This post is rather late, as I’ve been up north, looking at deserted villages near Helmsdale in Sutherland. The weather was beautiful, and we enjoyed exploring Helmsdale and Brora as well as Bad Bea and the Old Castle of Wick. We celebrated Palm Sunday in Brora, a tiny, but friendly parish, which set the tone for the last week in Lent. We had the belssing of the palms, and a short procession, and at the Gospel there was the reading of St Matthew’s Passion. In the newsletter there was the comment:
‘the phrase His blood be upon us and upon our children is a reference to the sack of Jerusalem in 68 AD and not an excuse for anti-semitismn..
This can’t be said too often.
‘the phrase His blood be upon us and upon our children is a reference to the sack of Jerusalem in 68 AD and not an excuse for anti-semitismn..

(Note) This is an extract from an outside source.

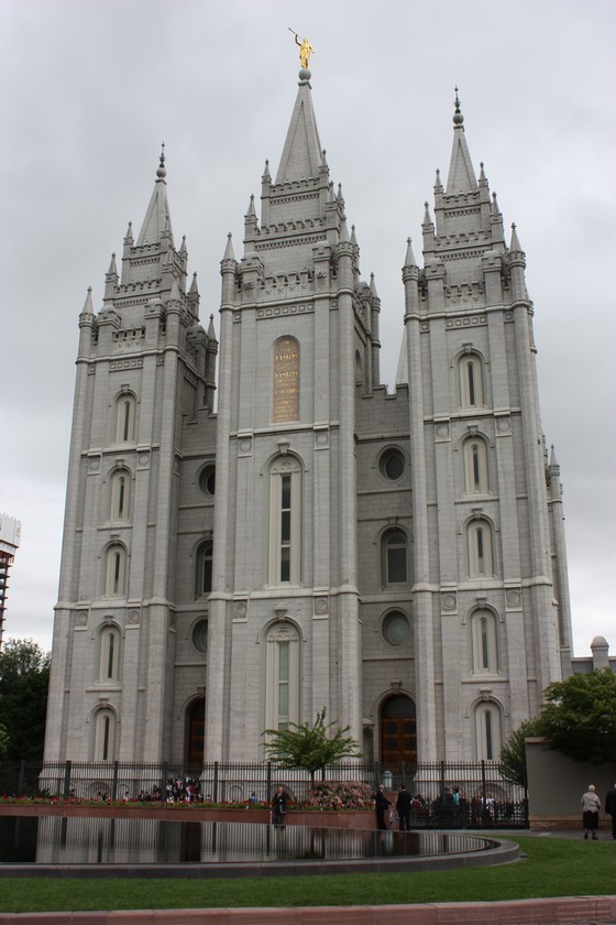 Als wir am Haltepunkt beim Temple Square ankommen, drückt uns die Frau Infozettel in die Hand und schleust uns direkt in eine an einem Stand herumstehende Gruppe Frauen mit langen Röcken. Jede hat ein Schild am Oberkörper hängen auf dem Name und Herkunftsland stehen. Wir geraten an eine junge Frau aus Kanada, die ein paar Worte Deutsch spricht und uns eine Führung durch die Mormonenstätten anbietet. Mir ist es ein wenig unheimlich, wie schnell man hier in deren „Fänge“ gerät ohne das beabsichtigt zu haben und so wimmeln wir sie freundlich ab. 8)

All my life this has been said to me, and yet, it needs saying. I’m less shocked by the bad behaviour I hear about, as people will always make excuses to blame the outsider, but what really bothered me was the story of a village in Poland where the Catholics all helped and protected their Jewish neighbours, and enabled them to escape, but were terrified that their priest would condemn them for being disloyal to their faith. How do people get their faith so mixed up?
Actually the story of the Passion has been a fairly constant example of how people often get their faith mixed up. From a sado-masochistic wallowing in the suffering and pain involved, to the interpretation of God as a strict legalistic tit-for-tat lawyer demanding that someone has to die because of the Fall, from the blaming and name-calling to the emotional blackmail that D H Lawrence describes when he imagines Christ saying, “I got this for you, Ursula Brangwen, now shut up and do as you are told”, there have always been fairly dysfunctional presentations of a story that is meant to be about liberation, about forgiveness, compassion and new life.
But then, what really crucified Jesus was the dysfunctional views of our relationship with God – our fear that religion demands more than we are capable of giving, that it means conforming, no matter what the pain, that it is about punishment and rejection, and suffering for the cause. Let’s not pretend that faith is all sweetness and light, consolation and reward – it can be demanding, and integrity can be painful. The way out of the messes we get ourselves into is no walk in the park. But it is, genuinely, a way out. Easter is the Good News, after all!
I wish all of you – Christians of all traditions, observers of all faiths and none, some good news, some liberation from what grieves you, some spring-time joy and new life. Happy Easter!